I have recently started to build up my tool collection. I have bought a Dewalt 12v Impact and Combi Drill. I will probably get an 18V later on in the year. Question is what Drill bits for both would you recommend?


----------



## Andyblue (Jun 20, 2017)

What you drilling ? 

I tend to buy good quality drill bits as they can last longer / stay sharper for longer... 

Sometimes a drill bit kit can be a good starting point if you’ve nothing and you can replace / add to it as required. 

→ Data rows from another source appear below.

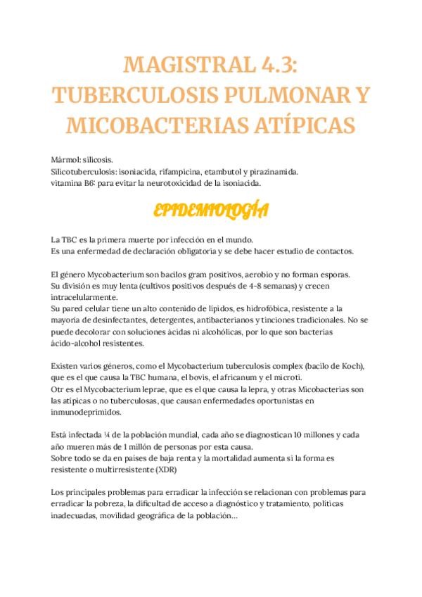 He publicado nuevos apuntes de 4º Sistemas de provisión, procesamiento y eliminación 5. La respiración y el aparato respiratorio: MAGISTRAL-4.3-TUBERCULOSIS-PULMONAR-Y-MICOBACTERIAS-ATIPICAS.pdf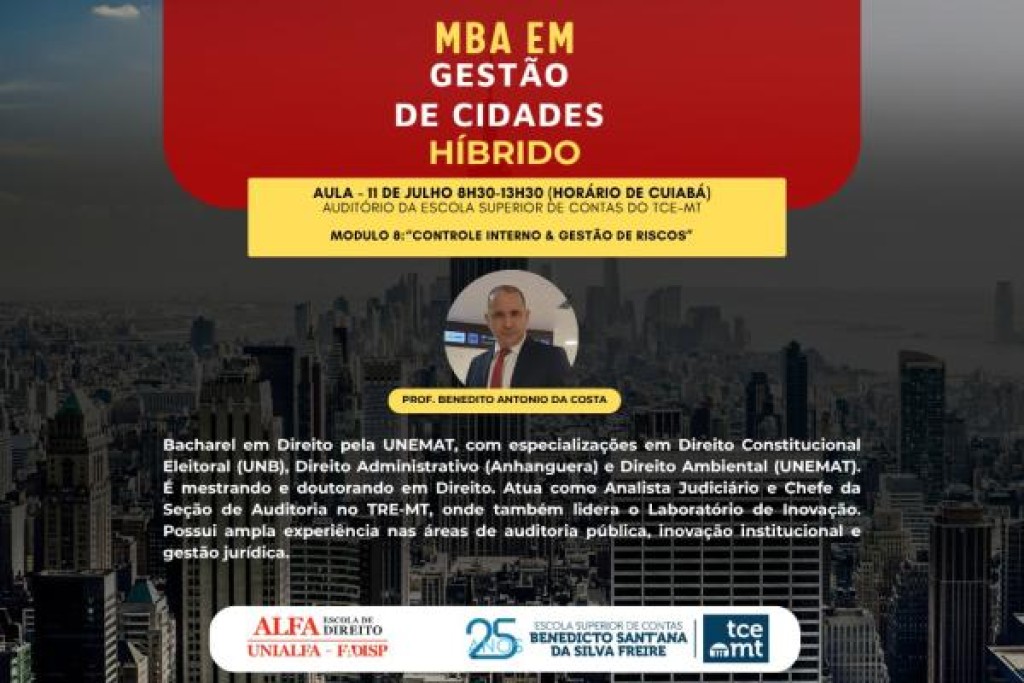 Promovido em parceria com a Faculdade Autônoma de Direito (Fadisp), o MBA em Gestão de Cidades possui carga horária total de 360 horas e reúne cerca de mil alunos, entre prefeitos, vice-prefeitos, vereadores, secretários e técnicos municipais, além de servidores da administração estadual de Mato Grosso com formação superior. Parte da estratégia da atual gestão do TCE-MT, sob presidência do conselheiro Sérgio Ricardo, o MBA busca fortalecer a capacitação contínua de servidores e gestores públicos. A pós-graduação é realizada por meio da Escola Superior de Contas e conta com a coordenação do procurador-geral do Ministério Público de Contas (MPC), Alisson Carvalho de Alencar.
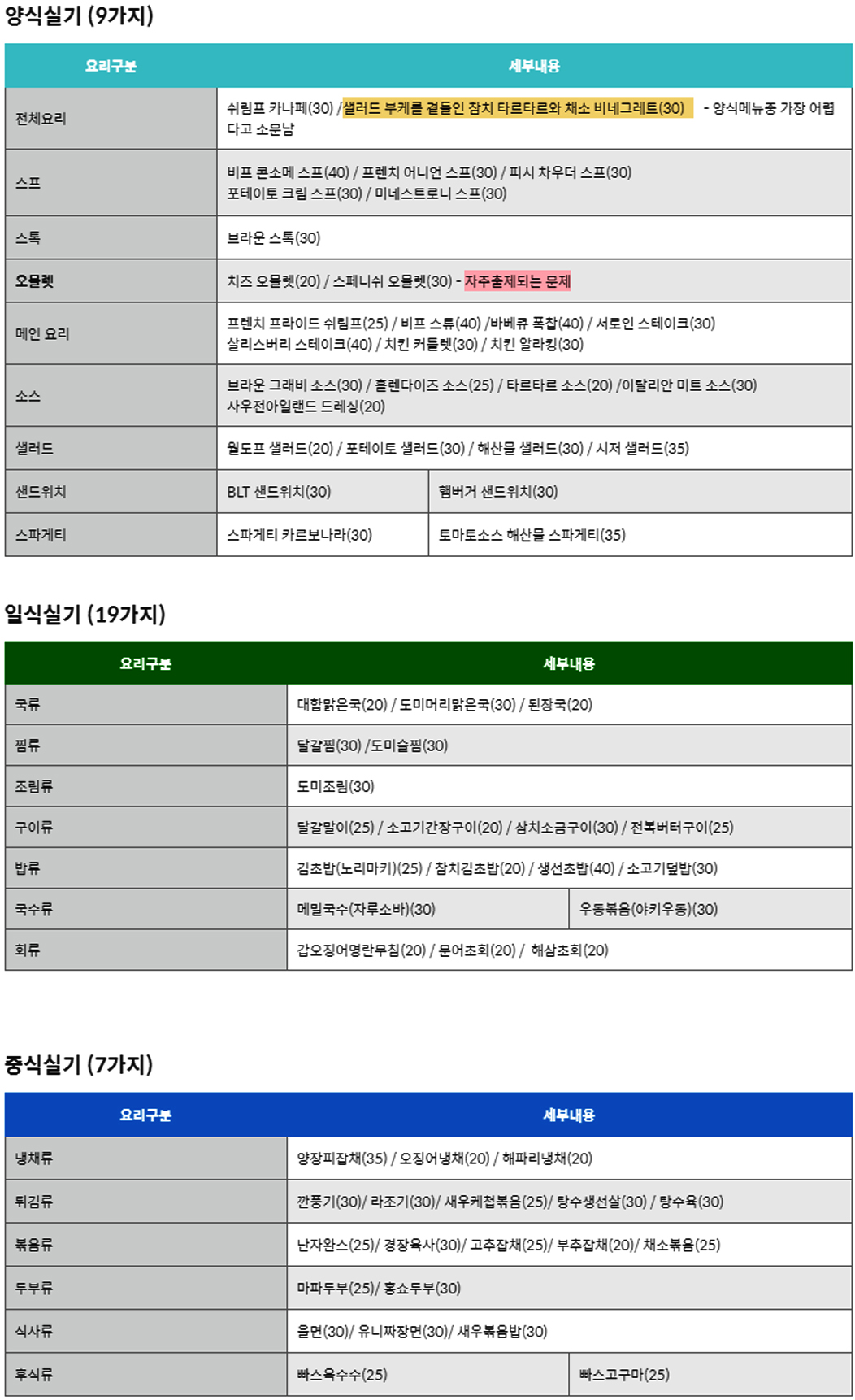 각 응시하는 종류에 따라 기본 요리가 정해져 있으며 그중에서 랜덤으로 출제가 된다.

Saw a DeWalt drill bit set including some screwdriver bits on offer the other day - check out Screwfix and Toolstation for ideas :thumb:


----------



## RDB85 (Dec 28, 2011)

Andyblue said:


> What you drilling ?
> 
> I tend to buy good quality drill bits as they can last longer / stay sharper for longer...
> 
> ...


Thanks I will have a look


----------



## dholdi (Oct 1, 2008)

Dewalt masonry bits are my go to for smaller sizes not needing SDS.

https://www.screwfix.com/p/dewalt-straight-shank-masonry-drill-bit-set-8-pieces/3189x


----------



## dchapman88 (Mar 17, 2016)

Axminster is my go to for drill bits
Fisch are good quality bits 
I like the HSS pro twist for wood

https://www.axminster.co.uk/fisch-hss-professional-wood-twist-drill-bits-ax890611


----------



## dholdi (Oct 1, 2008)

dchapman88 said:


> Axminster is my go to for drill bits


They did a fine range of carpets 
I'll get my coat..….


----------



## kolarn (Nov 12, 2012)

Cobalt bits seem to be getting popular in the trades


----------



## dchapman88 (Mar 17, 2016)

dholdi said:


> They did a fine range of carpets
> I'll get my coat..….


Ohhhhh no
That's a reference lost on me.....

 
Lol


----------



## RDB85 (Dec 28, 2011)

What do you think of this: https://www.screwfix.com/p/dewalt-straight-shank-combination-drill-bit-set-100-pieces/13266#_=p


----------